Molto interessante anche la nuova linea VN, sistema 4K a venti tocchi con interfaccia Android migliorata. Spiega Alice Biffi: “L’interfaccia Android simula, per così dire, uno grosso smartphone, ma con tante funzionalità in più. Per gli utilizzatori della tecnologia spesso è molto importante trovarsi ad usare sistemi che già conoscono, cui sono abituati.”
Da Barco, marchio che non ha certo bisogno di presentazioni, la novità più interessante è il nuovo videowall LCD di fascia alta, che viene commercializzato assieme agli elementi di staffaggio, cosa meno comune di quanto si possa credere. Un sistema molto immediato, tramite chiave a brugola, consente di spostare i monitor in caso di manutenzione o sostituzione. Tra i videoproiettori, l’accento va posto senz’altro sul modello F90, uno dei primi laser monochip creati da Barco, e sulla nuova serie a tre chip, per applicazioni rental più robuste, da 22.000 a 32.000 lumen.

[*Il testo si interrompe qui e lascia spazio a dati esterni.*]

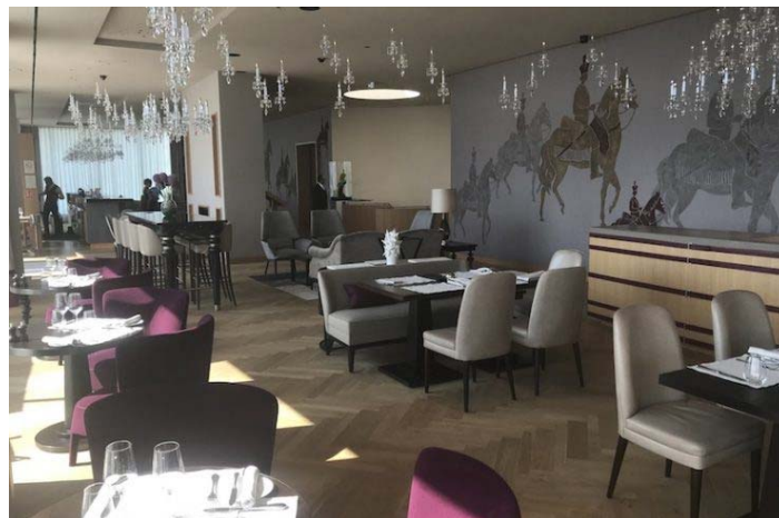
Des bulles en veux-tu en voilà !

On peut préférer dedans si le temps fait grise mine. Ici l'intérieur vaut l'extérieur, la vue est partout. Tables laquées noires, fauteuils vermillon font concurrence au millier de pampilles en cristal au plafond et une fresque signée Cécile Gauneau nous rappelle le régiment Royal-Champagne, des armées royales sous l' Ancien Régime .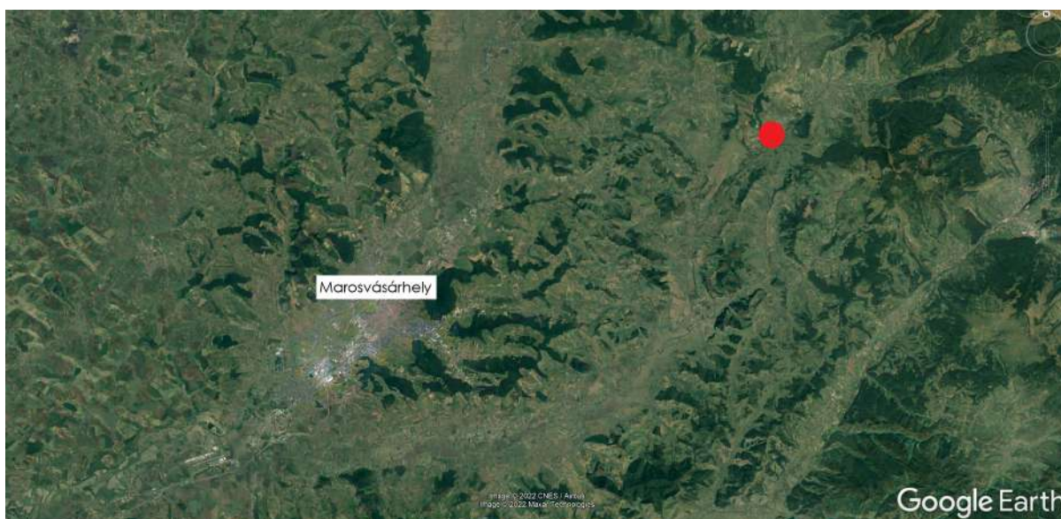
Mikháza elhelyezkedése Maros Megyében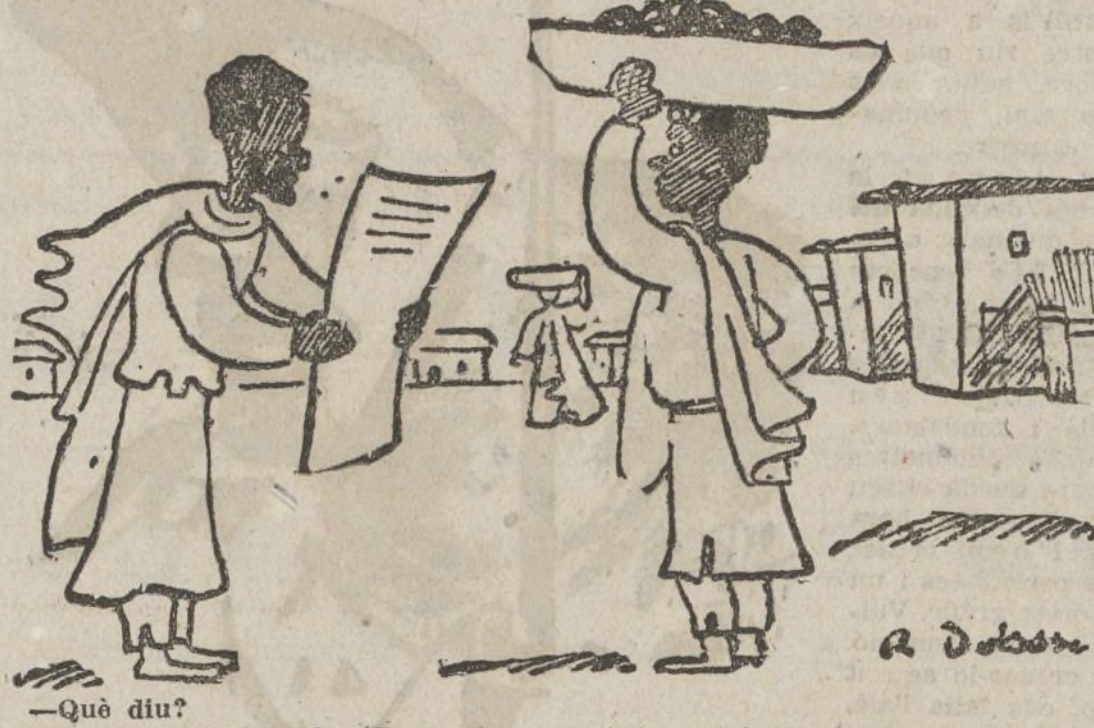
Què diu? -Doncs que els pobles deuen disposar d'ells mateixos.

Endavant, hereus de nostra terra sempre avant, jovent adolorat; som ja avui l'orgull i el triomf del nou Món obrer alliberat.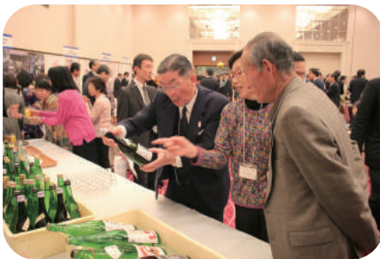
酒蔵の自慢の新酒を紹介

In particolare il nuovo modello UDX a tre chip dispone di una certificazione per la colorimetria, paragonibile a quella dei modelli con lampada a Xeno.
Concludiamo con un’incursione decisa nel mondo dei digital signage, con i sistemi Exterity. La novità, sia per Comm-Tec Germania che per Comm-Tec Italia, è il sistema di IP TV composto da una serie di encoder che codificano il segnale video e lo trasformano in un flusso di rete, e una serie di decoder che riconvertrono il segnale di rete in segnale video. Il plus di questo prodotto è l’integrazione nel sistema IP TV anche di applicazioni di digital signage.
Infine, Epiphan ha presentato il nuovo Pearl Mini, purtroppo non presente nello stand, sistema di produzione video all-in-one di piccole dimensioni, in grado di registrare, trasmettere in streaming e fare switching tra due ingressi HD.

Nello stand era esposto invece il top di gamma Pearl 2, che può registrare fino a sei segnali video creando sei flussi che possono essere registrati e inviati in streaming. Degno di nota anche il nuovo encoder Webcaster, in grado di distribuire su internet segnali video, pensato – anche come fascia di prezzo – per emittenti radio, youtuber e piccoli studi televisivi.
Una nota interessante anche sul lato formazione & eventi, che Comm-Tec non trascura mai. E’ in previsione, nei prossimi mesi, una serie di attività ed eventi paragonabili ai ben noti Comm-Tec Day, che si configureranno come training promozionali in varie località italiane, pensati per dare supporto e offrire competenze aggiuntive a integratori e utilizzatori. Appena sarà possibile, non mancheremo di dare informazioni più dettagliate.